Los niños creen que el devenir del mundo tiene que ser tal como se les muestra cuando empiezan a pensar, y aceptan las tempestades como les salen al paso. Sin embargo, al joven Johannes, taciturno y sensible, debió de costarle mucho superar todas las impresiones lacerantes que tuvo. A su mente infantil le resultó difícil comprender el orden del mundo que conoció, y las imágenes negativas que se adhirieron a su alma no fueron fáciles de borrar. El sentimiento religioso se manifestó en él desde muy temprano, y en su desamparo buscó la ayuda de Dios, del todopoderoso, del que todo lo ordena y resuelve, del que lo abraza todo con su poder y a quien él se sentía subordinado.
LA ESCUELA
Pero hubo algo más que lo apartó de su pesar interior, que despertó su amor propio y procuró alimento a su espíritu: la escuela. Tuvo la suerte de que justo Württemberg contara con un sistema de enseñanza bien desarrollado. No solo existían por todas partes escuelas alemanas donde aprender bien o mal a leer, escribir y contar; además, tras la implantación de la Reforma, los duques de Württemberg decretaron que en todas las ciudades pequeñas debían erigirse también colegios latinos que asumieran la labor de las antiguas escuelas monásticas y cuya función consistiera en formar nuevas generaciones preparadas para el oficio espiritual y el servicio a la gestión territorial. En Leonberg existía una de estas escuelas dividida en tres niveles. Dado el peso que tenía entonces la lengua latina como idioma común entre los estudiosos y como vía hacia una formación superior, la enseñanza del latín se impartía con el mayor celo y se exigía que los escolares aprendieran a leerlo, escribirlo y hablarlo con soltura. Empezaban con él ya desde el primer año de asistencia a las clases. Una vez que sabían leerlo y escribirlo, el segundo año se dedicaba a inculcar la gramática, y durante el tercer año se leían textos clásicos antiguos, sobre todo comedias de Terencio, con la intención de favorecer considerablemente la expresión oral. De hecho, el reglamento escolar exigía con toda severidad que los chicos hablaran entre ellos en latín. Apenas se valoraba el fomento de la lengua alemana porque se creía que a través de la escritura latina también se «aprehendería» la del alemán. La consecuencia de esto fue, sin duda, que después quienes sabían poner por escrito las frases más bellas en la lengua que los obligaba a pensar con claridad y lógica, el latín, solían expresarse, en cambio, con afectación, de un modo retorcido, deshilvanado y casi ininteligible en sus textos alemanes.

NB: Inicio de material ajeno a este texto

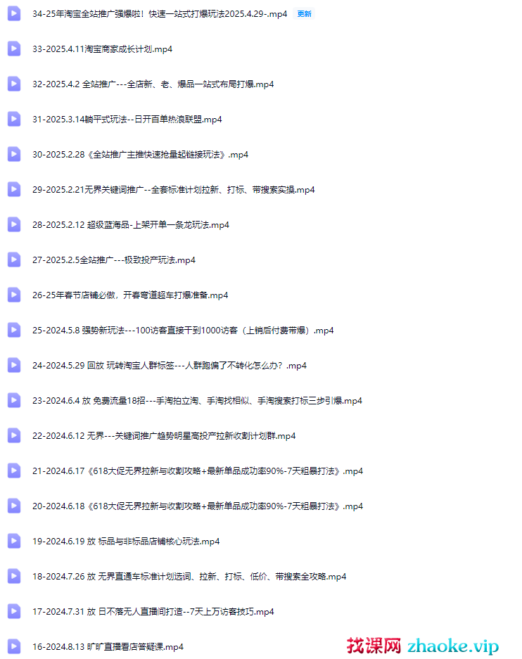 课程简介:淘天实战陪跑计划,旷旷老师弟子实操课!!落地的爆单计划#2025年4月30更新25年淘宝全站推广强爆啦!快速一站式打爆玩法#2025年4月11更新淘宝商家成长计划#2025年4月2更新 全站

En una de estas escuelas Kepler adquirió la base de la maestría estilística con que más tarde expresaría sus ideas en lengua latina. Al parecer, sus padres lo enviaron en un primer momento a la escuela alemana. No podemos presuponer en ellos ninguna capacidad para comprender la finalidad de las escuelas latinas. Pero, como los profesores del colegio alemán trasladaban gustosos a sus alumnos más aventajados al colegio latino para allanarles el camino hacia un futuro mejor, también Kepler, que reveló desde temprano una mente despierta, ingresó pronto en el centro que lo conduciría a metas más elevadas. Entró en el primer curso con siete años, pero tardó cinco en completar los tres grados de su colegio [12]. Esto no se debió a un rendimiento deficiente por su parte, sino a que tuvo que interrumpir la asistencia a clase durante meses e incluso años debido al cambio de domicilio de sus padres a Ellmendingen, al corto entendimiento de ambos y a la precariedad de su situación. Requirieron al muchacho para trabajos duros de labranza, y durante esas pausas tuvo que arreglárselas solo lo mejor que pudo.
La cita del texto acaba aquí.